Business

G.E. to Break Up in Latest Effort to Revive an Iconic Company

General Electric, the iconic industrial corporation of the late 20th century, once a powerful conglomerate renowned for its management prowess, is making a final break with its storied past.

The 129-year-old company announced on Tuesday that it planned to split itself into three publicly traded businesses, a remarkable change at a company whose reach into American life once extended from light bulbs in the home to the engines on jet airplanes.

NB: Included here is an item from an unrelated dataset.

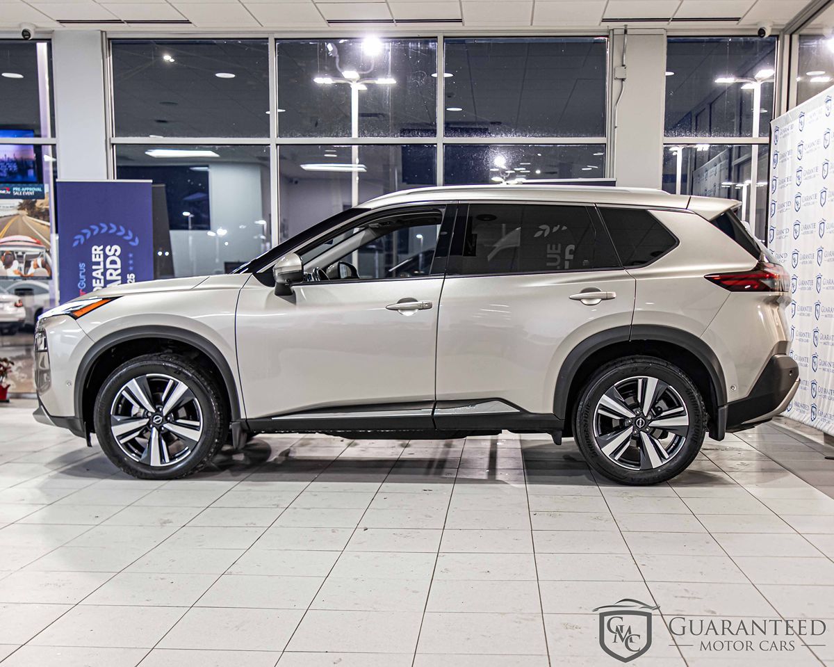 The 2023 Nissan Rogue AWD Platinum exudes sophistication and modernity with its stunning Champagne Silver Metallic exterior, effortlessly catching eyes on every street. Its Charcoal interior provides a sleek and cozy environment for passengers, enhancing the driving experience whether you're embarking on a short commute or a long-distance journey. Under the hood, the Rogue is powered by an efficient 1.5L 3-cylinder engine, perfectly paired with an All Wheel Drive drivetrain to ensure seamless performance across a variety of terrains. This high-end SUV is packed with advanced technology and safety features designed to elevate your driving experience. Active cruise control and lane keep assist work harmoniously to provide a relaxed and attentive drive on the open road. Meanwhile, the inclusion of a panoramic sunroof allows occupants to connect with the world outside, creating an airy and open atmosphere within the cabin. Equipped with a blind spot monitor, forward collision warning, and parking assist, the Rogue offers peace of mind, ensuring that every journey is as safe as it is enjoyable. For enhanced convenience, the Rogue boasts a hands-free liftgate and heated seats, making it perfect for colder climates. The Platinum Premium Package further augments the vehicle's luxury credentials, adding a touch of sophistication with floor mats and a 2-piece cargo area protector for superior utility. Inside, illuminated kick plates bolster its premium feel, while the frameless rearview mirror with universal remote enhances convenience and style. Exterior features like black splash guards protect the vehicle while making a bold statement. Bluetooth connectivity ensures you remain effortlessly connected, while lane departure warning safeguards your travels. With the 2023 Nissan Rogue AWD Platinum, every drive is a testament to comfort, technology, and elegance.

In a conference call with analysts, H. Lawrence Culp, an outsider brought in as chief executive three years ago, described the planned breakup as a “defining moment” for G.E. and the culmination of his effort to remake it as a “more focused, simpler, stronger high-tech industrial company.”

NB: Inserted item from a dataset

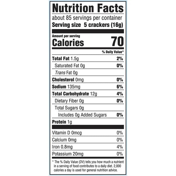 Nabisco Original Premium Saltine Crackers come in a 48 oz box containing 12 stay-fresh sleeves. These classic square-shaped crackers are lightly salted with sea salt and have a crisp, airy texture that pairs well with soups, stews, and chili. They’re also great on their own or topped with cheese, peanut butter, or spreads for a quick snack. Kosher and low in saturated fat, they offer a simple, satisfying crunch that’s been a pantry staple for generations.

G.E.’s plan is to spin off its health care division in early 2023 and its energy businesses a year later. That would leave its aviation unit as its remaining business, which would continue to be led by Mr. Culp.

In speaking to analysts, Mr. Culp also portrayed the move as being in step with the times, as other industry conglomerates have streamlined. The spinoff plan, he said, “heightens focus and accountability” and “just makes everybody better.”

Industrial conglomerates have fallen somewhat out of favor. In the last few years, G.E.’s big German rival Siemens has spun off its health care and energy businesses. And Honeywell International, another wide-ranging industrial company, has sold off some operations. But none have undergone as drastic an overhaul as G.E. has planned.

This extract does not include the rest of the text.